Claim 2. The RAG computing module according to claim 1, wherein before the instructions to generate the enhanced response using the first LLM, the instructions further comprise additional instructions for directing the processing unit to:
select an optimal document, using a second LLM, from the retrieved full documents; and classify the selected document as the full document. (Sörstrand, an optimal document is a document selected through the highest-ranking child chunk: 2.3.2, “instead of returning the child chunks directly, the method retrieves the entire parent document of the highest-ranking child chunks. This strategy enhances the search’s precision by focusing on the most relevant and detailed part of text while still delivering comprehensive information by returning the full parent document”)
Claim 11 is rejected under the same rationale as above.
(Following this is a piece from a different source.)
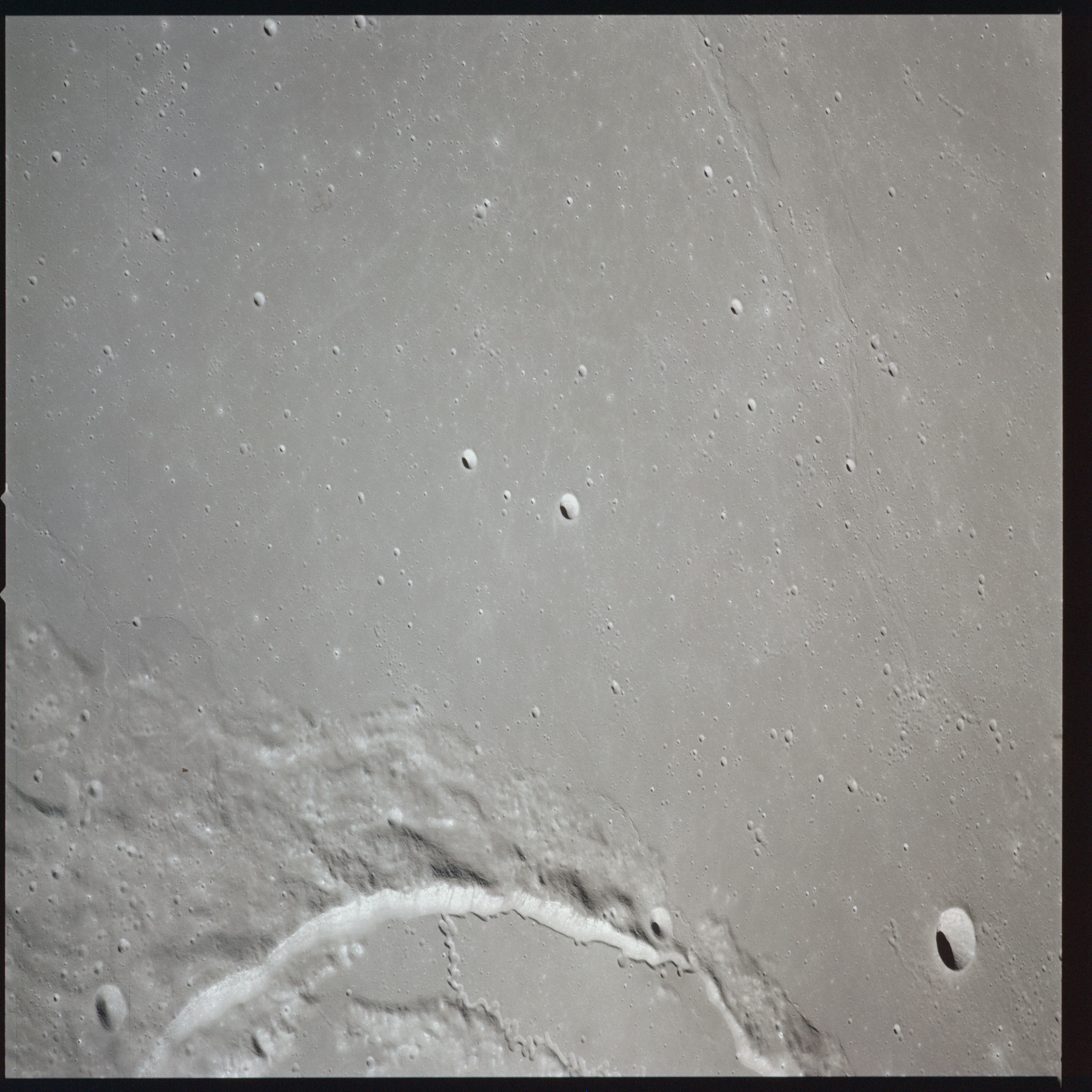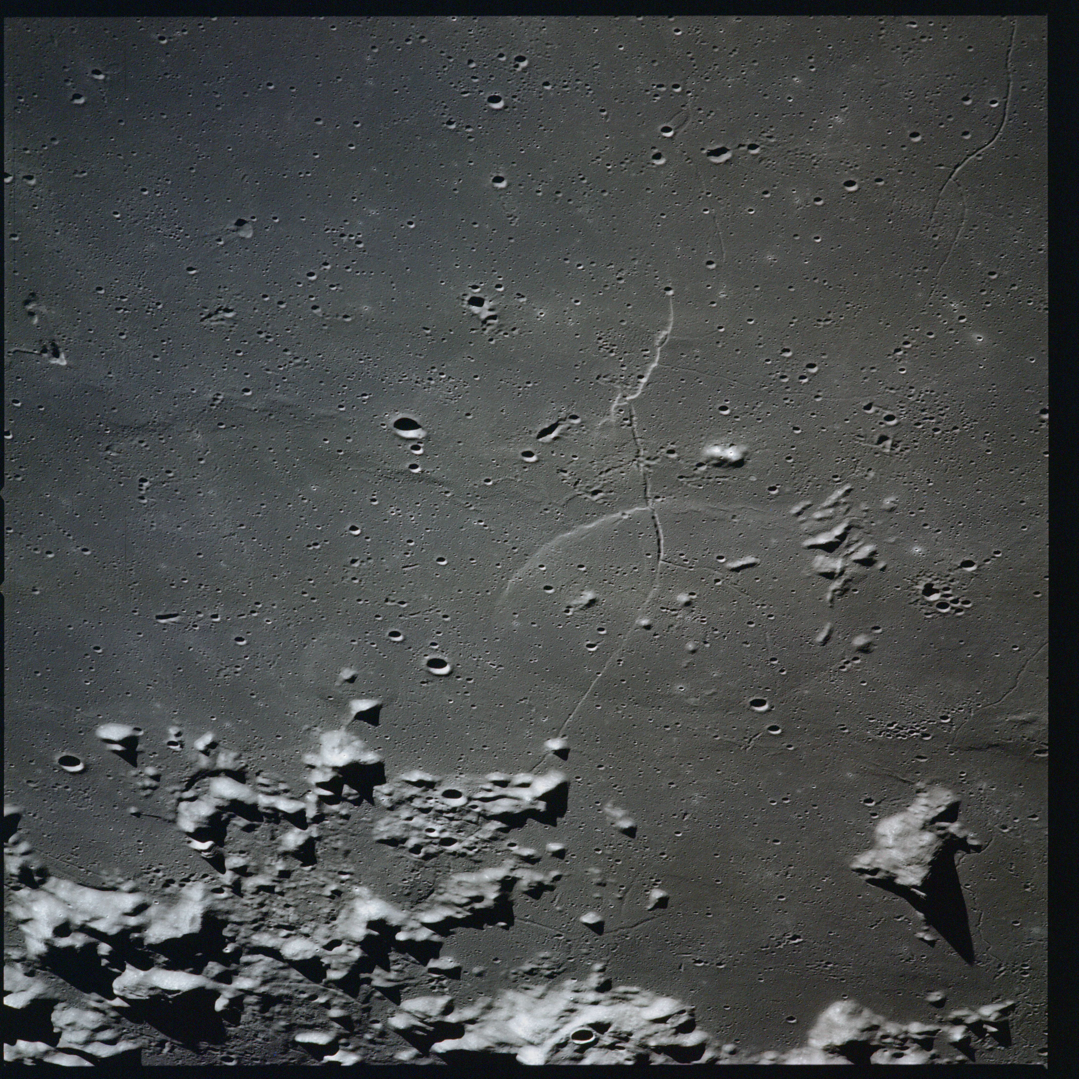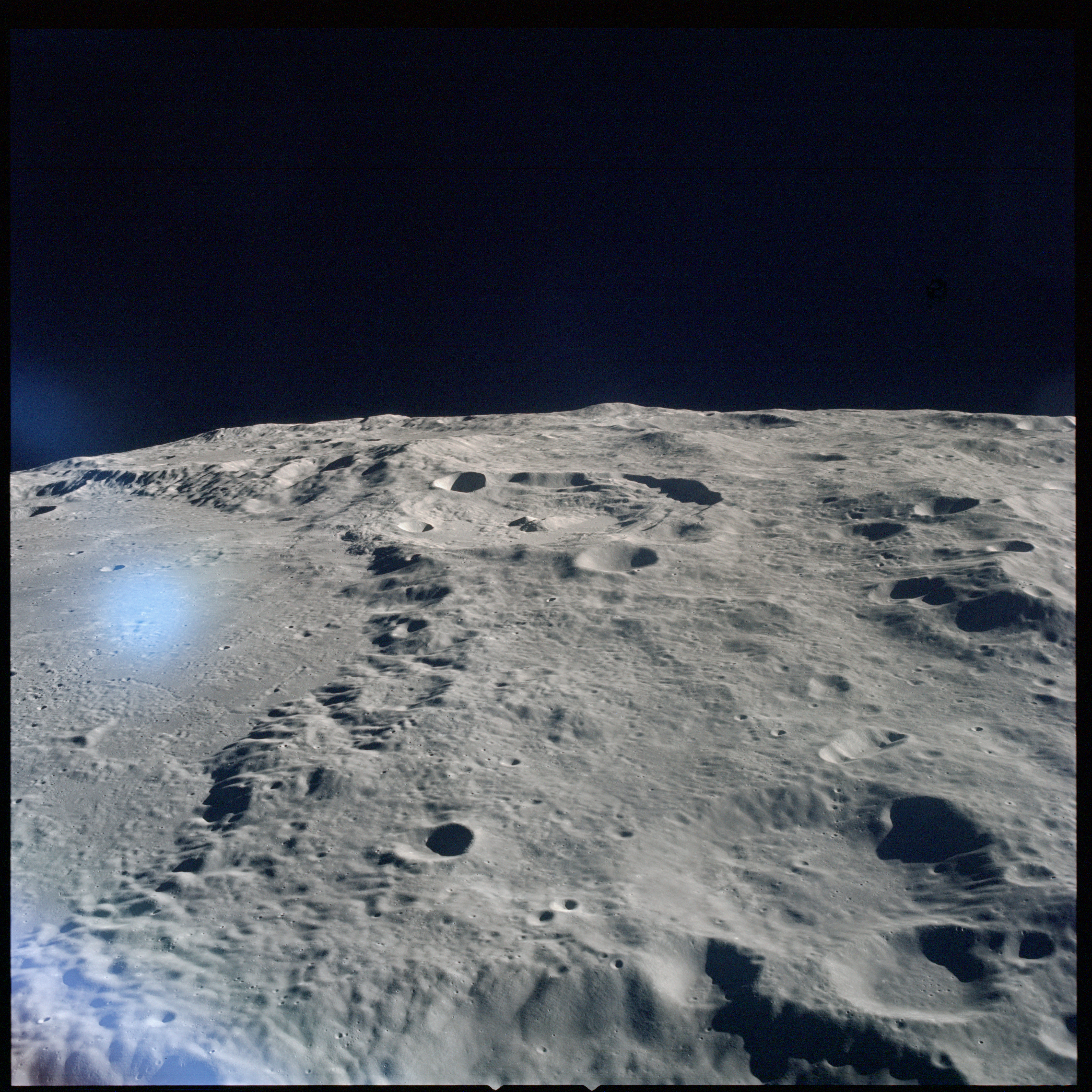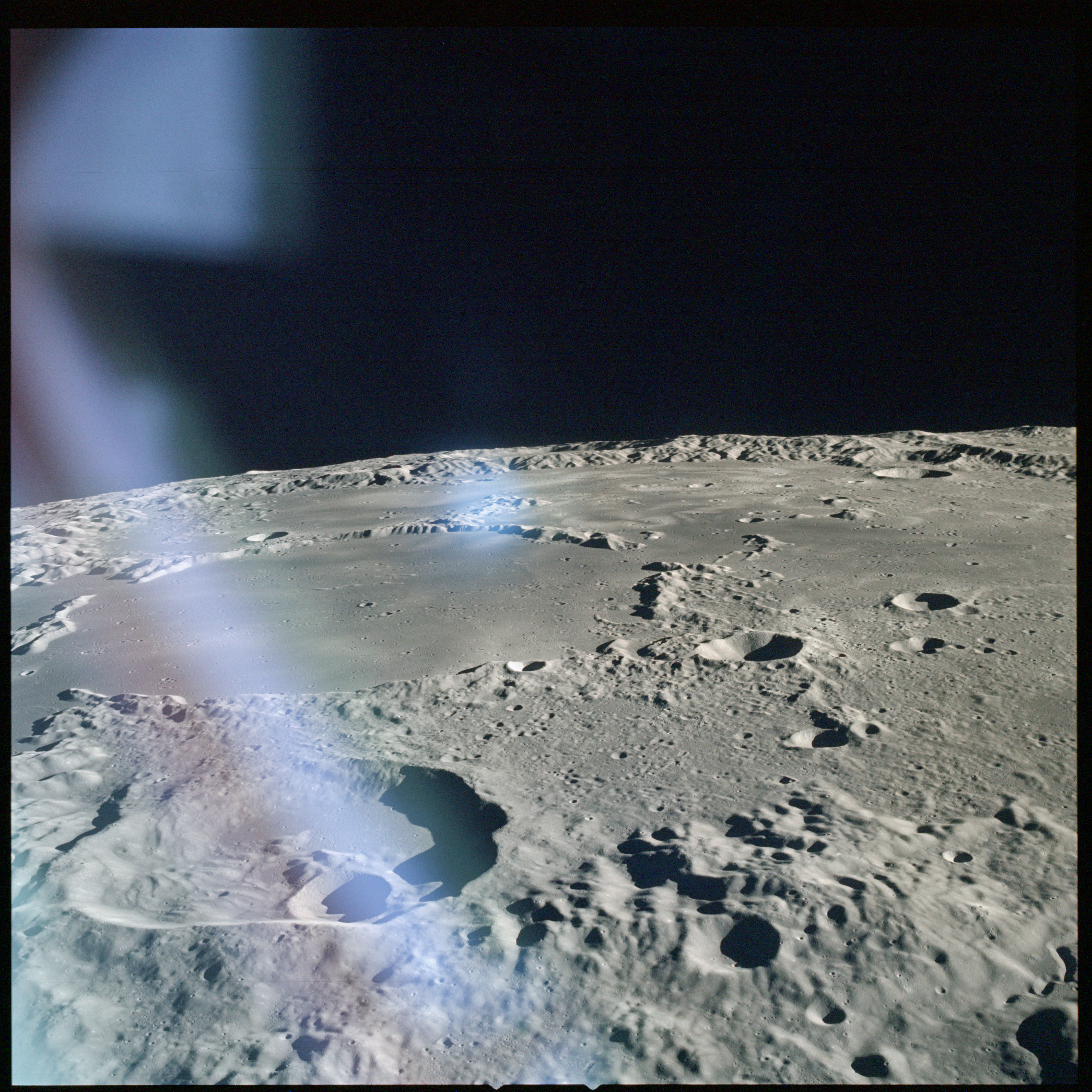 Apollo 15's current elliptical orbit has its low point over the Moon's far-side. Therefore, as they come towards their 315-km high point, or apocynthion, they can view across the entire width of Mare Serenitatis in one eyeful. Below them are the Montes Taurus which form the eastern rim of the Serenitatis basin while looking to the west, they can see Montes Haemus, the southwest range, and Montes Caucasus, the northwest range.

Claim 3. The RAG computing module according to claim 1, wherein the instructions to recursively retrieve the full documents associated with the retrieved vector embeddings comprises instructions for directing the processing unit to:
analyze the document chunks associated with the retrieved vector embeddings using a generative language model to identify a document chunk most relevant to the user query; and recursively retrieve at least a full document corresponding to the identified document chunk. (Sörstrand, a full document is retrieved based on the most relevant chunk: “During the retrieval phase, the process diverges from typical RAG methods by conducting the similarity search at the level of the child chunks rather than the parent documents. However, instead of returning the child chunks directly, the method retrieves the entire parent document of the highest-ranking child chunks. This strategy enhances the search’s precision by focusing on the most relevant and detailed part of text while still delivering comprehensive information by returning the full parent document”)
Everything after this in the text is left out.